Question

So let's say 'table' has two columns that act as a GUID - the ID column and msrepl_tran_version. Our original programmer did not know that our replication created this column and included it in a comparison, which has resulted in almost 20,000 records being put into this table, of which only 1,588 are ACTUALLY unique, and it's causing long load times.

I'm looking for a way to exclude the ID and replication columns from a select distinct, without having to then list every single column in the table, since I'm going to have to select from the record set multiple times to fix this (there are other tables affected and the query is going to be ridiculous) I don't want to have to deal with my code being messy if I can help it.

Is there a way to accomplish this without listing all of the other columns?

Select distinct {* except ID, msrepl_tran_version} from table

Other than (where COL_1 is ID and COL_N is the replication GUID)

Select distinct COL_2, ..., COL_N-1, COL_N+1, ... from table
Était-ce utile?

La solution

After more searching, I found the answer:

SELECT * INTO #temp FROM table
ALTER TABLE #temp DROP COLUMN id
ALTER TABLE #temp DROP COLUMN msrepl_tran_version
SELECT DISTINCT * FROM #temp

This works for what I need.
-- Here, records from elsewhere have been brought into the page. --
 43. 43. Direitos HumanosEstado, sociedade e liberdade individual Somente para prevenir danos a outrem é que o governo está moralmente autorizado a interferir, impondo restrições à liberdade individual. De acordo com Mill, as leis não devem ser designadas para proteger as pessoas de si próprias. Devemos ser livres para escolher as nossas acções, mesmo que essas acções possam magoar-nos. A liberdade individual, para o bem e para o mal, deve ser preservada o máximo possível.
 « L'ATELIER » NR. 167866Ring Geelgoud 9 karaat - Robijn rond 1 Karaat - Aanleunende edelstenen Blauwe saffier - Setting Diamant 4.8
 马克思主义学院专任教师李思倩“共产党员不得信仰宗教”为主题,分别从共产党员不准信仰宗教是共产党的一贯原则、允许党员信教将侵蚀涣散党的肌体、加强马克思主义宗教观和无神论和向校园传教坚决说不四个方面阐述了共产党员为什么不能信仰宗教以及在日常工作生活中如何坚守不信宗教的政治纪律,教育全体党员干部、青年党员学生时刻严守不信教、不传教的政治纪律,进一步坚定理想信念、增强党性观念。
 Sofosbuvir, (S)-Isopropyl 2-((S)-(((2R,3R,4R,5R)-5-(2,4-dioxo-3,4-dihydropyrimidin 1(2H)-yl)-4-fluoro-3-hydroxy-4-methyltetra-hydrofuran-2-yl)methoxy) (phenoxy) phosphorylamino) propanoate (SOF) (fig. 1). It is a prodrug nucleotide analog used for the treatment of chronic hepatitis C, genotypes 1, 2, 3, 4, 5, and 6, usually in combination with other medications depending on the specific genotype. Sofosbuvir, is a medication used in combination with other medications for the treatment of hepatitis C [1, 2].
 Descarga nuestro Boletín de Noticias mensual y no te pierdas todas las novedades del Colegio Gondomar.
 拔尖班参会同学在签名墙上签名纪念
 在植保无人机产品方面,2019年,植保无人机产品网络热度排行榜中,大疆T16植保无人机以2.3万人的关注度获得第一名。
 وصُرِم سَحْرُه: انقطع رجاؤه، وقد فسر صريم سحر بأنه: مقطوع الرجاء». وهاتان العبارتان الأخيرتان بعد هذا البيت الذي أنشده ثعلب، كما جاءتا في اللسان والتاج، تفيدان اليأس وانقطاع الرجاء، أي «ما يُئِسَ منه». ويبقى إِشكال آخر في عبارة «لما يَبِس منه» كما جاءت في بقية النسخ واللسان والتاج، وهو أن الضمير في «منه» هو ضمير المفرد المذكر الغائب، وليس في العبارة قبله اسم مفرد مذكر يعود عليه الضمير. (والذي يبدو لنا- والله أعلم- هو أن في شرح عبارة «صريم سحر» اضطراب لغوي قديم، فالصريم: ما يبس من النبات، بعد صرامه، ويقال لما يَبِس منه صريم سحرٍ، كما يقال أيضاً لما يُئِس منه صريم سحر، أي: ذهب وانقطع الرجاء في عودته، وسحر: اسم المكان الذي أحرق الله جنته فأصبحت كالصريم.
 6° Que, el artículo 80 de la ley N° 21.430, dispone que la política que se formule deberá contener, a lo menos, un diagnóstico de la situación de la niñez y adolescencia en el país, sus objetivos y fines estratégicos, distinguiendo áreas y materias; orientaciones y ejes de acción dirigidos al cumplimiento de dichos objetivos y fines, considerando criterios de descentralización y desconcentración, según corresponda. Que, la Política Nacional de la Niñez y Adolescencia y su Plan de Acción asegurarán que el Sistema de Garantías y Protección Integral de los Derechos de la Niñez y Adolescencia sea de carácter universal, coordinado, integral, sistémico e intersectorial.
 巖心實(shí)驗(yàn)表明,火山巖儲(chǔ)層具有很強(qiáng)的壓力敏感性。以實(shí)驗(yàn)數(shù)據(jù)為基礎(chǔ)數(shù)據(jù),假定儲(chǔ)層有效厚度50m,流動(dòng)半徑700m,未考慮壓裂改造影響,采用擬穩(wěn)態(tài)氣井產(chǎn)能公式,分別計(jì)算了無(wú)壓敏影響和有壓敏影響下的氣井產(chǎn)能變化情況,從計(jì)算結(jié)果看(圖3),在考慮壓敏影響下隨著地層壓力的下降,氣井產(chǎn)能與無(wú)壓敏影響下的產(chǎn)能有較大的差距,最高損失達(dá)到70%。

Thanks for the answers guys!

Autres conseils

Absolutely, 100% not possible, there is no subtract columns instruction.

It can't be done in the spirit of the OP's initial question. However, it can be done with dynamic sql:

--Dynamically build list of column names.
DECLARE @ColNames NVARCHAR(MAX) = ''

SELECT @ColNames = @ColNames + '[' + c.COLUMN_NAME + '],'
FROM INFORMATION_SCHEMA.COLUMNS c
WHERE c.TABLE_SCHEMA = 'dbo'
AND c.TABLE_NAME = 'YourTable'
--Exclude these.
AND c.COLUMN_NAME NOT IN ('ID', 'msrepl_tran_version')
--Keep original column order for appearance, convenience.
ORDER BY c.ORDINAL_POSITION

--Remove trailing comma.
SET @ColNames = LEFT(@ColNames, LEN(@ColNames) - 1)

--Verify query
PRINT ('SELECT DISTINCT ' + @ColNames + ' FROM [dbo].[YourTable]')

--Uncomment when ready to proceed.
--EXEC ('SELECT DISTINCT ' + @ColNames + ' FROM [dbo].[YourTable]')

One additional note: since you need to select from the record set multiple times and potentially join to other tables, you can use the above to create a view on the table. This should make your code fairly clean.